First and longest is 'Missile Gap', a story that demonstrates the ability of Science Fiction to operate on the largest scale with ease. Earth has been peeled and pasted onto a vast disc, along with the surfaces of millions of other planets. The cold war continues to cause tension as the superpowers scramble to explore and colonise the new territories, all the while wondering who else is out there. The characterisation and the portrayal of paranoia is brilliant. Despite its length, I whizzed through the story and thoroughly enjoyed every page of it.
'Rogue Farm' introduces the concept of bio-engineered human agglomerations who absorb like-minded members before blasting off for Jovian orbit. It's a very bizarre idea, but the setting on a remote farm where the locals speak with country accents and hang out in the pub gives it an air of normality. Even the talking sheep dog seems perfectly reasonable. The farmer and his wife both have disturbed backgrounds that give them depth and tie the two disparate ingredients together.

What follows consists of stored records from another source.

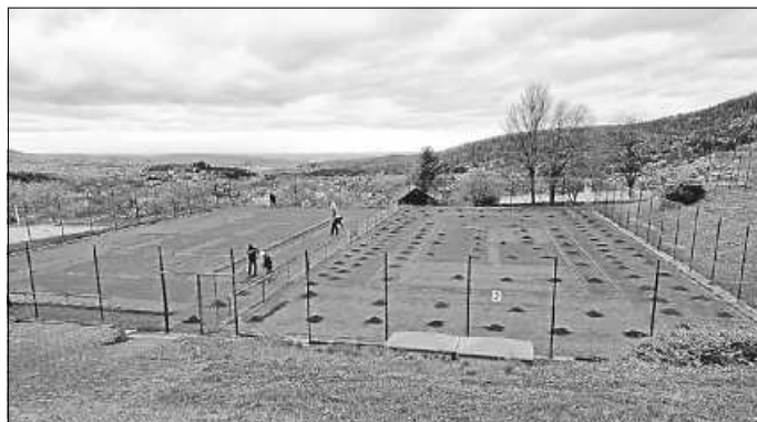
Arbeiten auf den Plätzen haben begonnen.

die Anlage aus dem Winterschlaf erwecken. Vielen Dank schon heute an alle, die uns an diesem Tag unterstützen werden.
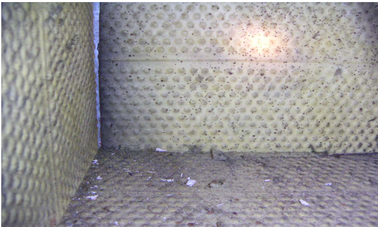
KUVA 3. Tasauslaaticoissa on paljon roskaa ja villan kappaleita.
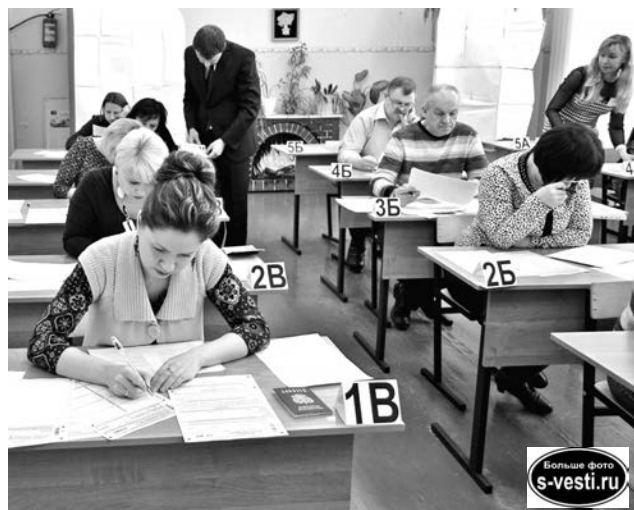
13 мужественных взрослых приняли участие в акции «Единый день сдачи ЕГЭ родителями».

Наталия СТОЛЯРОВА.
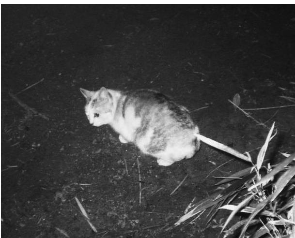
写真4 ネコ (④西広瀬).

Cervus nippon とカモシカ Capricornis crispus を区別することはできなかった。食跡で中・大型哺乳類を確認することはできなかった。
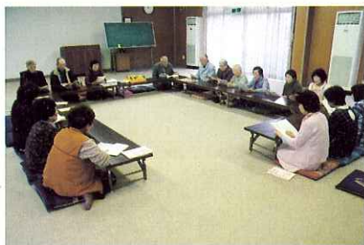
▲ 都道府県ビンゴゲームで楽しみました。

4月20日(火) おっはーサロンが開催されました。おっはーサロンは平田町高田自治会のサロン活動で、毎回ボランティアの皆さんが楽しいプログラムを考案し、笑いがいっぱいのサロンです。
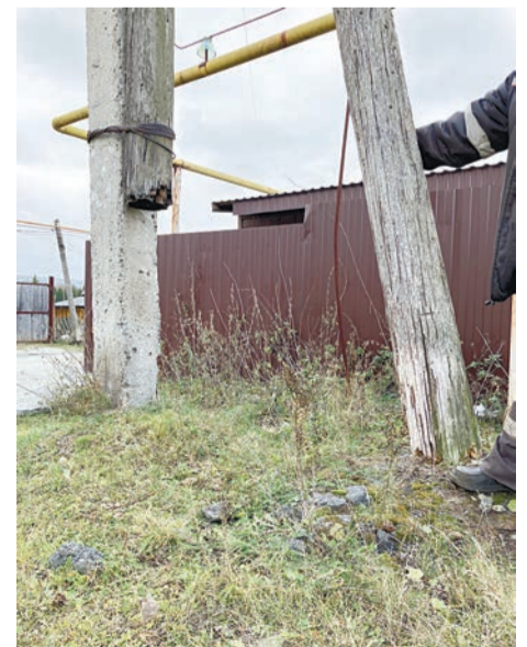
Опора у этого накренившегося столба лишь для видимости
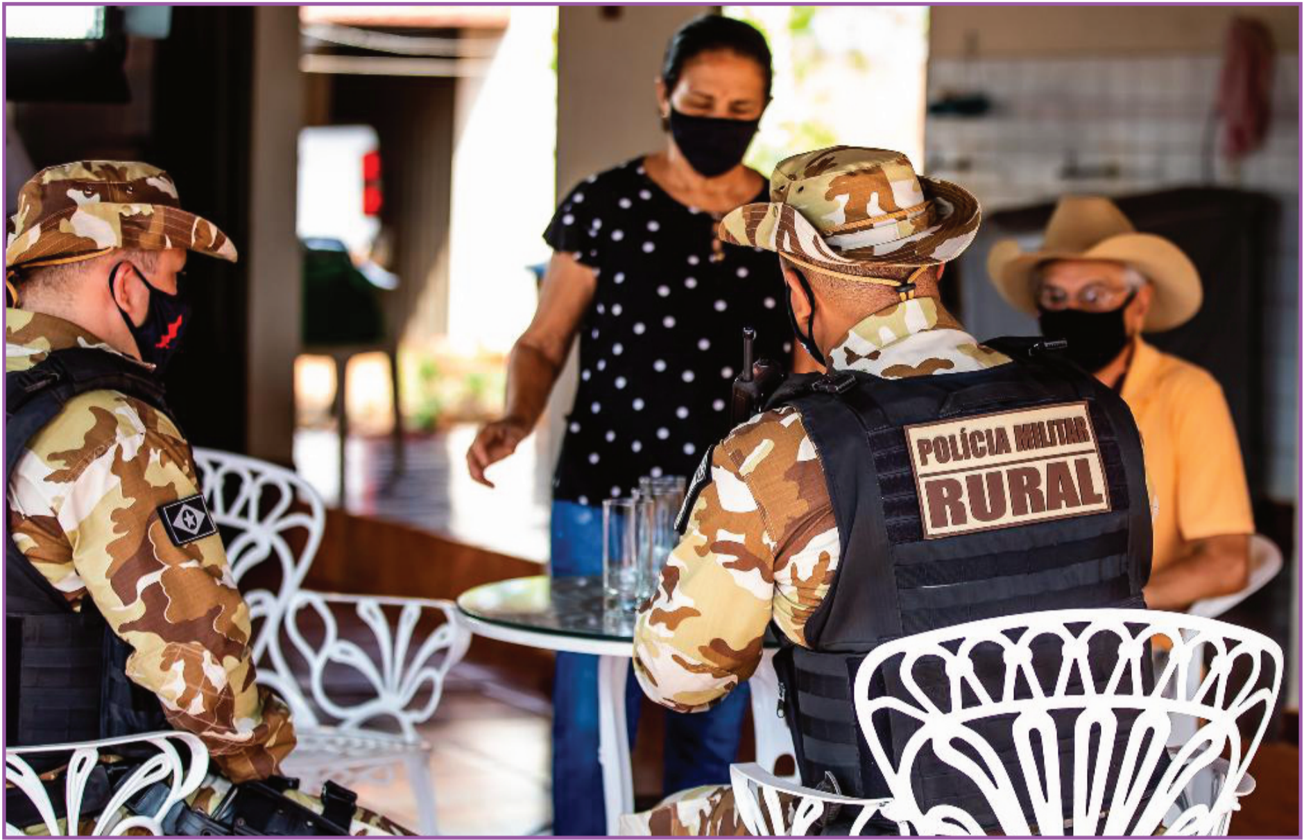
Este ano, casos somam 102 registros

A incidência de crimes contra o patrimônio rural também apresenta queda significativa. O número de roubos em propriedades agrícolas caiu 30% em relação a 2021. Já os registros de roubos e de furtos de gado reduziram 31% e 35%, respectivamente no comparativo com o mesmo
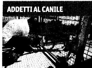
ADDETTI AL CANILE

È stato ritenuto legittimo un contratto di collaborazione coordinata e continuativa per lo svolgimento delle pratiche ed operazioni doganali e portuali nell'ambito delle spedizioni
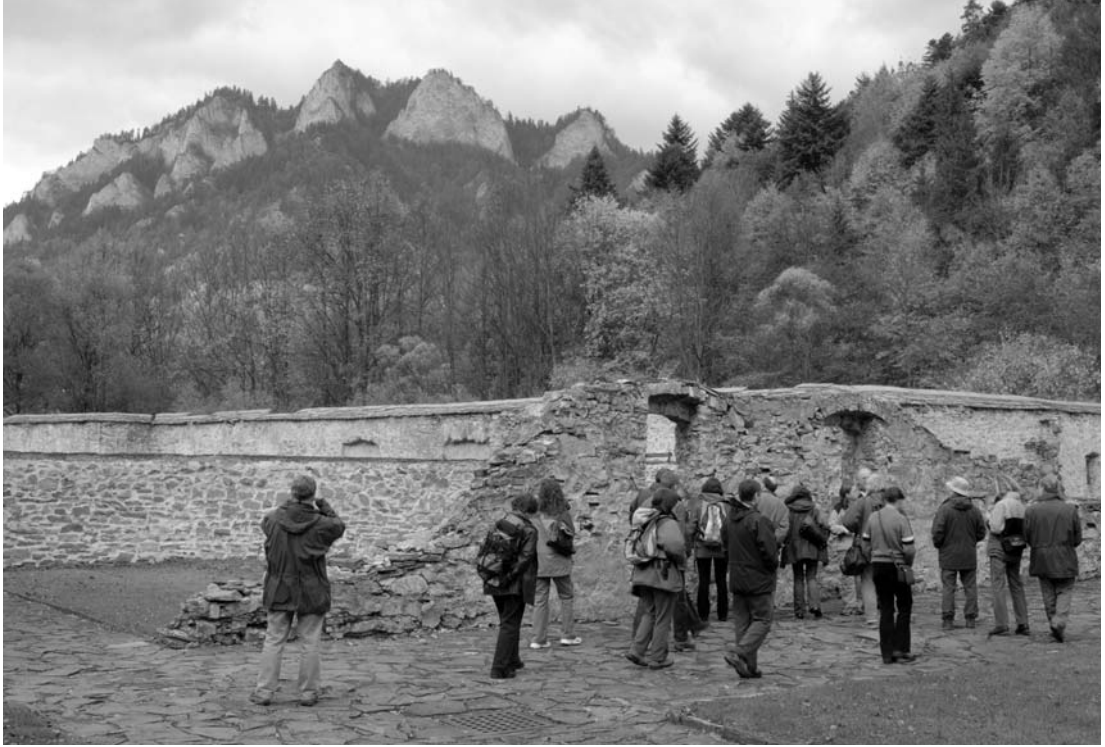
Fot. 12. Zwiedzanie Czerwonego Klasztoru. A visit to Czerwony Klasztor (the Red Monastery) in Slovakia.

poruszył problematykę zabudowy Nowych Maniów i Kluszkowiec jako skrajnych przykładów dewastacji krajobrazu obcą, bo wywodzącą się z nizin, formą zabudowy.

There's a paranoid, secretive backdrop to 'A Colder War', with top secret files and government departments. The Russians and Americans are harbouring secret, alien technology, appropriated through 'Stargate' type devices. One government agent watches on in despair as the whole mess begins to unravel. It's an effective cold war homage to H.P. Lovecraft.
The most enjoyable story of the collection is 'Trunk And Disorderly', a futuristic take on 'Jeeves And Wooster'. Complete with orbital sky-surfing, nefarious scheming and a miniature mammoth, it's a non-stop adventure. The upper-class narrator is as clueless as poor Wooster ever was and manages to get involved in a series of bizarre goings-on while maintaining a stiff upper lip. It's great fun.
The book finishes with the previously unpublished novella 'Palimpsest'. The premise of the tale - immortal guardians of history - has shades of Asimov's 'The End Of Eternity' and Poul Anderson's 'Time Cops', but on a far grander scale. The time span runs to a trillion years and involves stellar engineering on a vast scale. The secretive organisation known as 'The Stasis' controls all, but with an agenda that is at best murky. New recruit Pierce finds himself the centre of attention when attempts are made on his life by other unknown time travellers. Charles Stross expands on the premise of The Stasis, introducing the idea of palimpsests, where history is re-written by interference from other agents, multiple times in some cases. It's a fascinating and complicated story that for me was the highlight of the volume.
If you've not read Charles Stross before then this volume will certainly tempt you to go looking for more. It's an excellent example of the breadth and depth that can be portrayed in stories of all lengths.